Нельзя было про такое — никому, а жене — в первую голову. Бабе, ей ведь только подскажи, только надоумь ее.

Супруге Ивана Пантелеймоновича, однако, не потребовалось ничего подсказывать. Еще полгода назад голосившая по деревне, она прямо-таки мертвой хваткой вцепилась в город: «Нет, Иван, я назад не поеду! Здесь тувалет теплый, вода в кранах, печку топить не надо. Не поеду, и все! Хоть что хочешь со мной делай».

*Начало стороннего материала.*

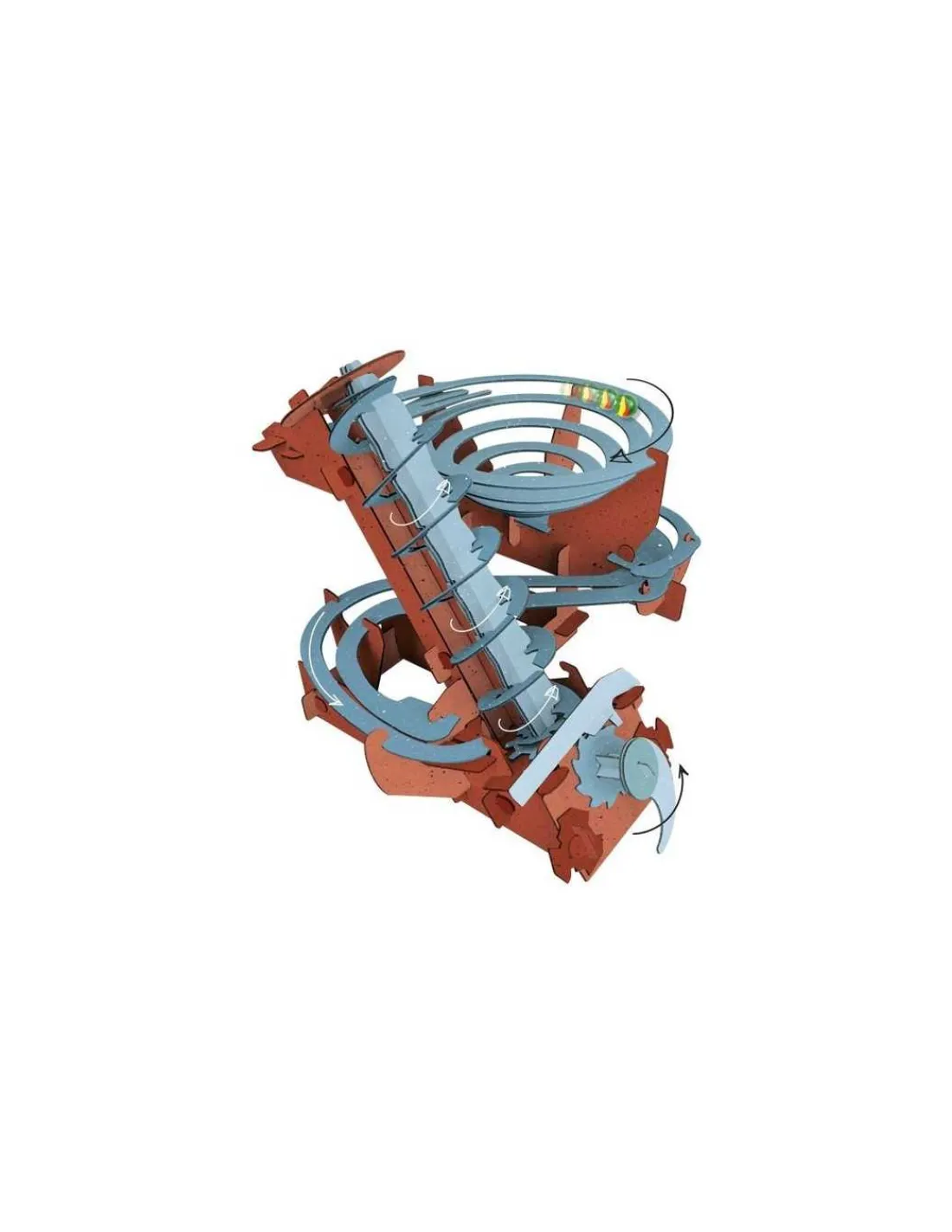 Une bille qui roule sur le sol s’arrête tôt ou tard : à un certain moment intervient une force de friction qui les empêche d’effectuer ce qu’on appelle le « mouvement perpétuel ». La recherche d’un mouvement qui ne s’arrête jamais a toujours fasciné les scientifiques et les inventeurs, dont Léonard de Vinci. Pour Léonard, la recherche de cette chimère représentait une opportunité unique d’imaginer l’impossible, et c’est précisément à partir de là que l’on peut commencer à construire la maquette, librement inspirée d’un ensemble de différentes machines conçues par un autre grand inventeur : Archimède de Syracuse.

Ой, не договаривала Пелагея Карповна, как и супруг ее, не во всем признавалась мужу. Туалет туалетом и вода в кранах — само собой… А чулочки фильдеперсовые! А лиса рыжая на плечах. А то, что она здесь не та затюканная Поля — в платочке, по самые брови повязанном, с потрескавшимися руками, а всеми уважаемая Пелагея Карповна. И не Пелагея даже, а, на городской лад, Полина. Соседки — тоже разных ответственных работников жены — в рот ей заглядывают, чай у нее отпить за счастье почитают, сама же она ни к кому на чаи не ходит, не набивается — считает ниже своего достоинства. И по квартире у нес теперь бесшумной серой мышкой шмыгает домработница — то ли Нюша, то ли Глаша. А самое главное, она же еще молодая женщина была — и только здесь, в городе, почувствовала: молодая еще! Да, они были тогда не старые. Иван Пантелеймонович, скажем, в том, примерно, возрасте пребывал, в котором нынче начинающие писатели вступают в литературу, а хоккеисты покидают большой спорт. Ну, чуток, разве, постарше.

Так что Семипудные не уехали. Не сумел Иван Пантелеймонович на своем настоять, да и не стал этого делать.